Tamamını anlatmaya sanıyorum ki vaktimiz yetmez. Ben aklıma ilk gelenlerden ve önemli gördüklerimden bahsetmek istedim. 2025 yılında da daha fazla üniversiteli kadına ışık olmaya, onların eğitim ve kariyerlerine katkı sağlamaya devam ediyoruz.

“Acıları Değil, Anıları Yaşatalım”

O kadar güzel şeyler ki bunlar, dinlerken içimde çiçekler açıyor. Çoğu dışarıdan takip ettiğimiz projeler. Ama böyle dinleyince çok umut veriyor. Peki, Mina’nın Çocukları projesinin TÜKD İstanbul şubesi ile buluşmasından bahsedebilir miyiz?

Revşan Sancar: Aslında Mina’nın Çocukları projesi tek bir cümle ile başladı;

“Acıları değil, anıları yaşatalım.”

2018 yılında kaybettiğimiz on bir değerli genç kadının anısını unutmamak, onları hatırlarken bir yandan da geleceği umut taşımak istedik.

2018 yılının yaz ayında çok kıymetli Beril Başaran ile İstanbul şubesinin yolu kesişiyor. Böylece Beril Hanım dernek bursiyeri on bir genç kadını Bodrum’a davet ediyor. Bir gün üç genç arkadaşımız Gülsen (Genç), Rengin (Nur Keskin) ve Raziye (Aytaç) geç saatlere kadar odalarında otururken şu soruyu soruyorlar;

“Ne yapabiliriz? Bu acıyı nasıl bir umuda dönüştürebiliriz?”

Aslında o gece Mina’nın Çocukları projesi doğuyor. Sonrasında da hemen harekete geçiliyor. Zaten derneğin daha öncesinde de Gelece Umut Köprüsü gibi benzer sosyal sorumluluk projeleri vardı. Mina’nın Çocukları projesi de 2018 yılından bu yana devam ediyor. 

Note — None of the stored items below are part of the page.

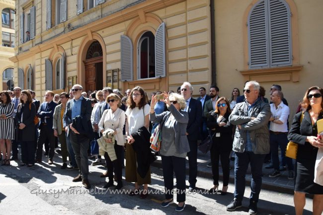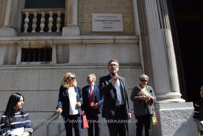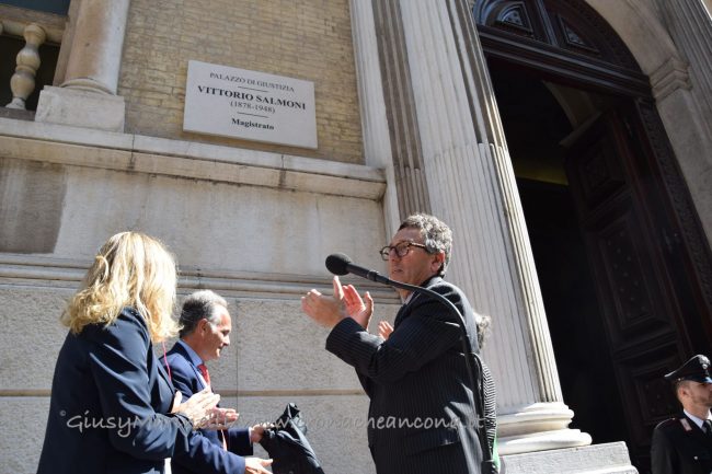 E’ stata scoperta dal sindaco Mancinelli, dal presidente del tribunale Spinosa, dal procuratore capo Garulli e dal presidente degli avvocati Miranda. Il primo cittadino: «Questa giornata – ha detto Mancinelli – vuol dire far riconciliare la città con un pezzo della sua storia e aprire il simbolo stesso dell’amministrazione della giustizia alla cittadinanza. L’intitolazione del tribunale significa che dobbiamo esercitare il dovere della memoria. Ringrazio la persona a cui intitoliamo il tribunale perchè seppe dare una lezione al mondo che è bene ricordare ogni giorno». Salmoni dovette abbandonare il tribunale con le leggi razziali per poi tornare in magistratura. Il presidente Spinosa: «Questa è una giornata dedicata al ricordo, lo dicono la data e i nomi a cui dedichiamo il palazzo e le aule. È anche una giornata di festa, perchè il palazzo si è rivestito con i suoi abiti migliori perchè vogliamo celebrare la giurisdizione di Ancona e rinnovare il matrimonio con la città». Le targhe con i nomi delle persone a cui sono dedicate le aule sono state scoperte al quinto piano del tribunale. Presenti alcuni familiari di coloro che non ci sono più, come il nipote di Salmoni, la figlia di Guido Galli, il figlio del giudice Amato e quello di Angelucci. Questa sera andrà in scena, nel corte del tribunale, lo spettacolo ‘Paragoghè’, dedicato ai depistaggi delle stragi che hanno segnato uno dei capitoli più bui della storia italiana. Il presidente della Corte d’Appello Luigi Catelli sui nomi che risuoneranno in tribunale: «Rappresentano la memoria che ci portiamo dentro e il ricordo di vite professionali spese per i principi della legalità e della costituzione. Il ricordo deve essere vivo e vissuto nel presente per essere trasmesso alle nuove generazioni». Il procuratore generale Sergio Sottani: «Dobbiamo insegnare e ricordare la storia e con questa intitolazione dobbiamo far sentire i morti meno soli e dirgli che noi vinceremo». Il procuratore capo Monica Garulli: «La grandezza delle persone che ricordiamo non è stata quella di essere degli eroi, ma adempiere ai loro compiti. Si tratta di persone che fino in fondo hanno adempiuto al loro dovere».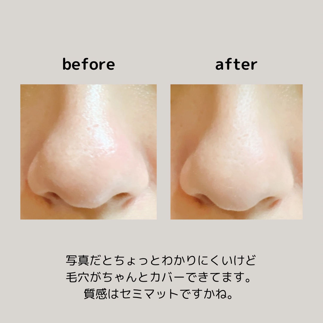 標準的な肌色の私にとって今回いただいた21番はちょうど良く、自然なメイクに仕上がりました。 こちらの商品を使用することで毛穴や肌のキメの悪さをしっかり、でも自然にカバーすることができました。 仕上がりは適度なツヤ感があって綺麗です。
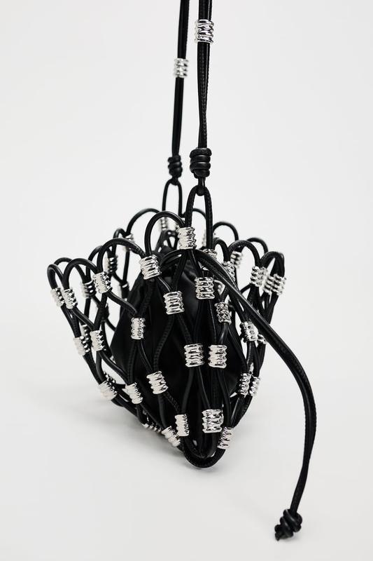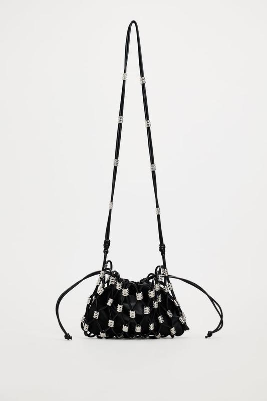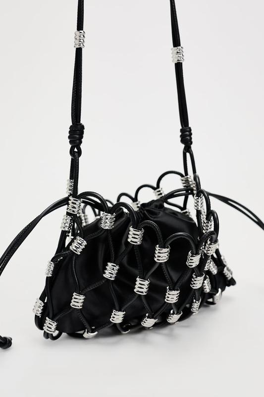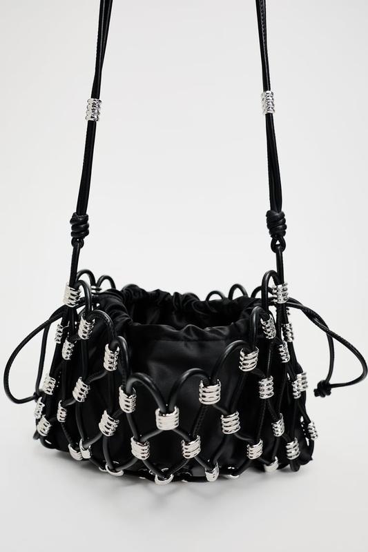 Сумка-мішок із металевими кільцями. Має ремінець через плече та застібається шляхом затягування шнурків.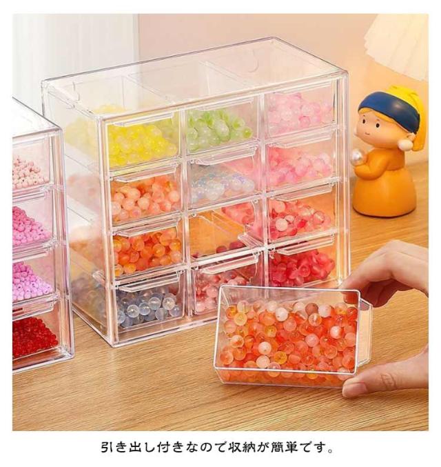 アクセサリーケース ビーズケース 小物 ビーズケース 小物入れ パーツケース 9マス 3段 ビーズ入れ 12マス 小分け ネイル ビーズケース 引き出し ビーズキャビネット 収納ケース パーツ 透明 小物ケー 詰め替え容器 小分けケース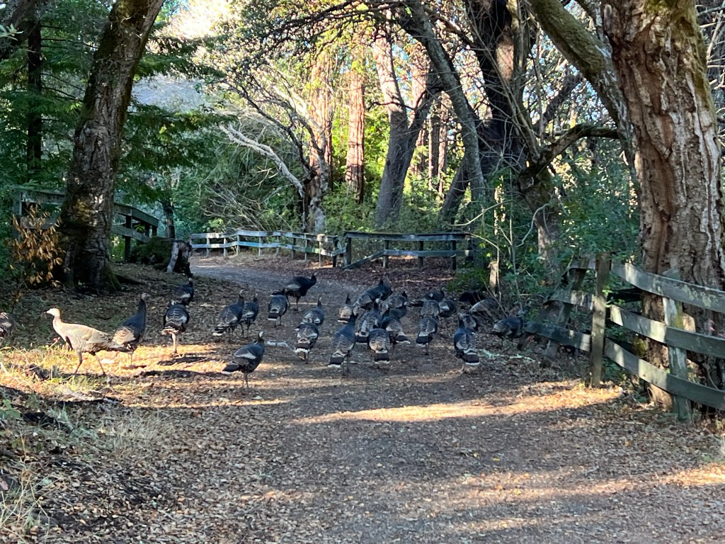 We went for a walk around the nature trail at Filoli Historic House and Gardens a week or so ago, and ran into an enormous-to-us gang of turkeys. Much of the rest of our walk was taken up by speculating on collective nouns for turkey swarms – are they a flock, a gaggle, a gobble, a posse, or a herd?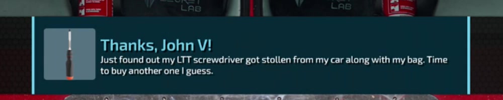 Just found out my LTT screwdriver got stollen from my car along with my bag. Time

Bugün bu proje sayesinde üniversiteli genç kadınlar memleketlerine döndüklerinde hayatında rol modele ihtiyaç duyan 10-14 yaş grubundan çocuklarla bir araya geliyorlar. Bu yaş aralığı da çok özenle seçilmiş bir grup. Çünkü maalesef bu yaş aralığı, çocukların en fazla okulu bırakmak durumunda kaldığı yaş aralığını ifade ediyor. Bu çocuklara yalnızca birer abla ve mentor olmakla kalmıyorlar. Aynı zamanda hayaller kurmaları için onlara cesaret veriyorlar diyebilirim.

Bu tabii ki tek taraflı fayda sağlayan bir proje değil. Çünkü sadece çocukların hayatını değiştirmiyor. Aynı zamanda bizim üniversiteli genç kızlarımızın da büyüdükleri topraklarda geçmişleriyle yeniden bağ kurarak toplumsal sorumluluk bilinci ile geleceğe umut taşımalarını sağlıyor.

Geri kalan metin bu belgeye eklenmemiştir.